Wednesday, October 10, 2018

Book Review: Ocean At the End of the Lane by Neil Gaiman


Hey guys! Today I am bringing Y'all a non-spoiler book review for The Ocean at the End of the Lane by Neil Gaiman!
So without any more chatter let's get started.


From Goodreads:

Sussex, England. A middle-aged man returns to his childhood home to attend a funeral. Although the house he lived in is long gone, he is drawn to the farm at the end of the road, where, when he was seven, he encountered a most remarkable girl, Lettie Hempstock, and her mother and grandmother. He hasn't thought of Lettie in decades, and yet as he sits by the pond (a pond that she'd claimed was an ocean) behind the ramshackle old farmhouse, the unremembered past comes flooding back. And it is a past too strange, too frightening, too dangerous to have happened to anyone, let alone a small boy.

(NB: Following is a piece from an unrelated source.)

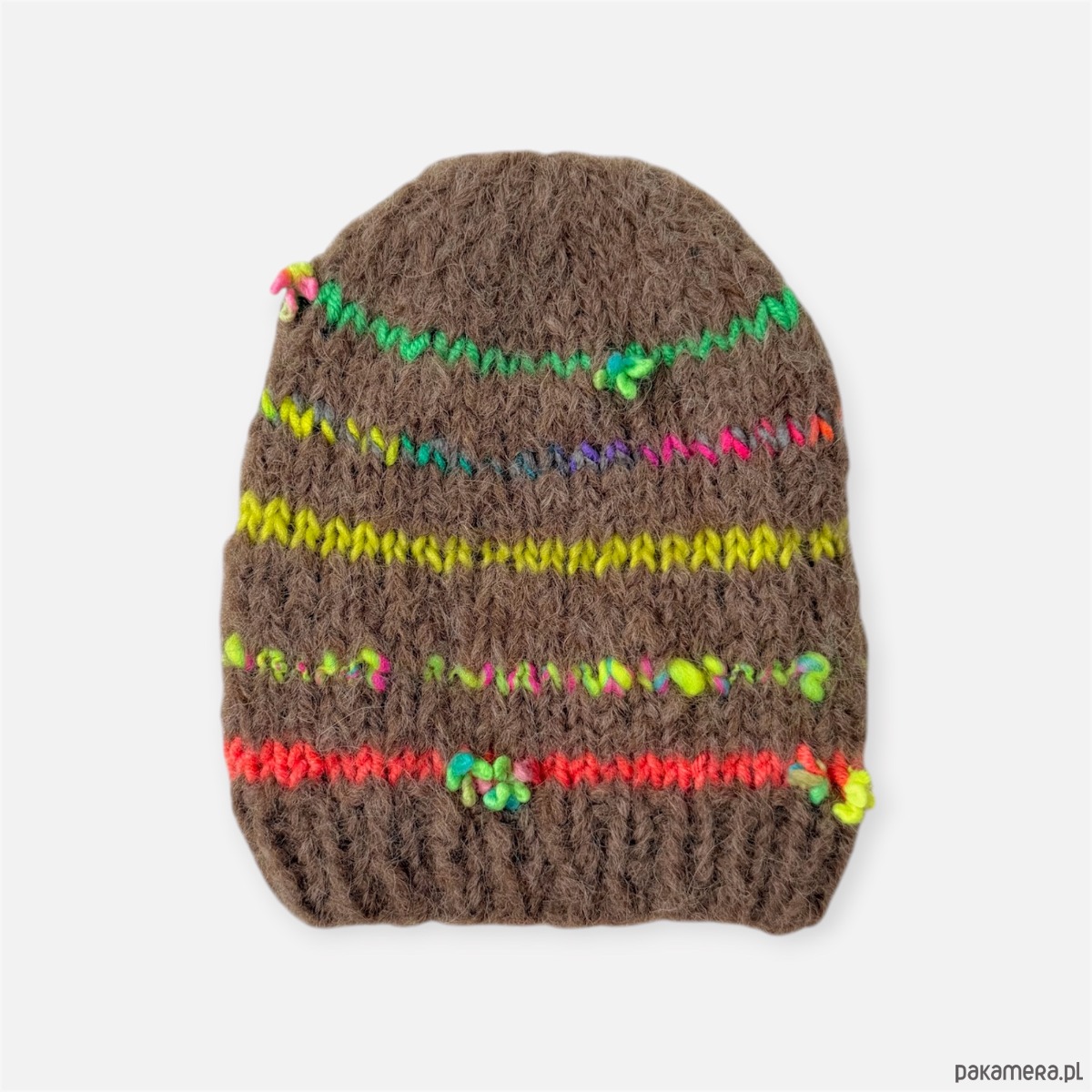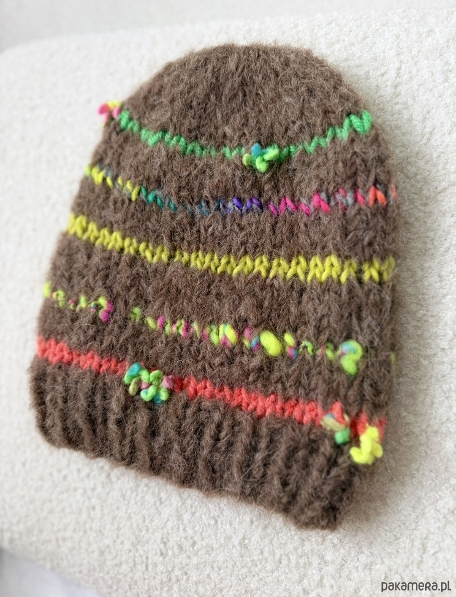 Czapka z delikatnej, miękkiej włóczki. baza to 74% alpaka 25% merino 4% poliamid. W ozdobnych paskach merino, alpaka, akryl.

Forty years earlier, a man committed suicide in a stolen car at this farm at the end of the road. Like a fuse on a firework, his death lit a touchpaper and resonated in unimaginable ways. The darkness was unleashed, something scary and thoroughly incomprehensible to a little boy. And Lettie—magical, comforting, wise beyond her years—promised to protect him, no matter what.



Critique:

I finished reading this book a few days ago and I needed some time for it to digest in my brain!
Neil Gaiman has such a mystical way of writing that it just sucks you in and holds on to you even when the book has ended.
Once the book had ended I felt sad almost as if my childhood had ended. that the magic somehow had ended.
one line that really sticks with me was when the man asked Lettie's grandmother: 

"And did I pass?"
The face of the old woman on my right was unreadable in the gathering dusk.
On my left the younger woman said,
"You don't pass or fail at being a person, dear."


This is a book that shows us that we should never stop dreaming, that we should never stop seeing oceans in ponds and that we should never, ever, stop seeing better worlds in the things we read. No matter how old we are never forget the magic that our child's eyes can see.

The pond that was an ocean speaks of the level of optimism that is inherent in childhood dreams. Everything seems better. Everything seems bigger and grander. Imagination makes the ordinary seem extraordinary and fantastic. 

It’s a book for the lost, for those who do not fit in with normal society. It is a book for those who would rather spend their days rather than interacting with other people. Humans are always disappointing and always hurt sometimes on purpose sometimes unthinkingly, books, however, do not. And our young hero is aware of this so he dreams up his own friends and draws upon the lessons he learnt through reading.

The friend he meets becomes his guardian against the forces that would destroy him and his family. 
She becomes a doorway into understanding an entirely new world.

The Ocean at the End of the Lane is a truly fantastic book in every way possible and I recommend it 100% for others to read!